Wo auch immer ihr als Jäger mit diesem Pet auftaucht, ist euch
die Aufmerksamkeit der Mitspieler sicher, denn das für Loque’nahak
und seine Gefährtin verwendete Charaktermodell ist einzigartig im
Spiel.
Das elfenbeinfarbene, mit den dunklen, an Symbole erinnernde
Flecken marmorierte Fell verleiht dem eleganten Raubkatzenkörper
ein legendäres, nahezu statuenhaftes Aussehen. Dazu kommt das
cyanfarbene bis weisse, mit Partikeleffekten versehene Leuchten aus
den Augenhöhlen und dem Maul, das an die Mondbrunnen der Druiden
erinnert und den Gattungsnamen ‘Geisterbestie’ eindrucksvoll
unterstreicht. Und tatsächlich teilt “Wächter” Loque’nahak ein
besonderes Charakteristikum mit den Druiden in ‘World of WarCraft’,
den Zauber ‘Mondfeuer’. Der Unterschied liegt lediglich in der
Namensgebung, der bei der Geisterbestie
‘Geisterstoss’ lautet, aber im wesentlichen
dasselbe macht : Arkanschaden über Zeit.
Der Zauber ‘Mondfeuer’ bzw. ‘Geisterstoss’ erhält mit dem
Patch 3.0.8 übrigens ein grafisches Update (siehe Titelbild), bei
dem anstelle des bisherigen simplen Austrittspunktes an der Spitze
jetzt eine eindrucksvolle Mondkugel ruht, aus der der Lichtstrahl
nach unten schiesst. Mit diesem Update wird das ohnehin attraktive
Jägerpet noch schöner.
Info zu Loque’nahak
Loque’nahak gehört zur Klasse der extrem raren Kreaturen, ist Level 76 und besitzt Elite-Status, d.h. er kann mehr austeilen und einstecken als andere normale Mobs (Mobile Objects) im Spiel. Allerdings ist die Raubkatze euch gegenüber friedlich, d.h. neutral eingestellt. Sie wird euch nicht unvermittelt angreifen, es sei denn, ihr tut das.
– Info zu
Loque’nahak
Tipp: Die Datenbank ‘Wowhead’ bietet eine Anzeige in englischer und deutscher Sprache an, die ihr rechts oben auf der Webseite im Menü ‘Language/Sprache’ auswählen könnt.
Bei der Datenbank könnt ihr euch die Items u.a. auch schon einmal vorab in einer 3D-Vorschau mit Zoomfunktion anschauen.
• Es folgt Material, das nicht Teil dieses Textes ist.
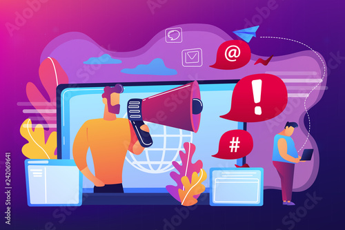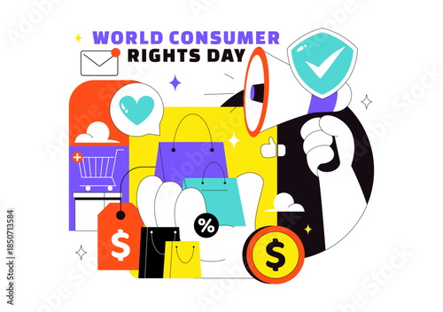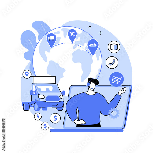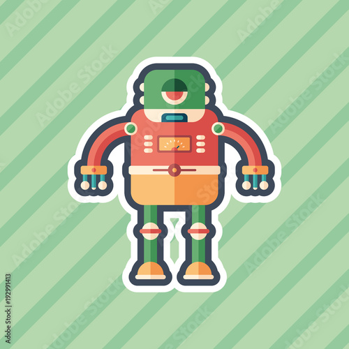 Robotics vector flat illustration. Robot, industrial robotic arm and hand, charts, graphs, joystick, dollar coins. Business process automation technology concept for web banner, website page etc.

Von der Gattung ‘Geisterbestie’ , der Loque’nahak angehört, gibt es zur Zeit nur ein einziges Exemplar im Spiel – ihn. Seine Gefährtin Har’koa , die zwar das gleiche Charaktermodell besitzt, befindet sich ausschliesslich als neutraler Questgeber-NPC (Non-Player Character) mit Boss-Status in der Eistrollregion Zul’Drak und ist nicht zähmbar. Bei dieser Gelegenheit sei gleich ein Missverständnis bzw. Fehler in der deutschen Übersetzung der beiden Namen geklärt: Loque’nahak ist ein ER, und die Tiergöttin Har’koa eine SIE, und nicht umgekehrt.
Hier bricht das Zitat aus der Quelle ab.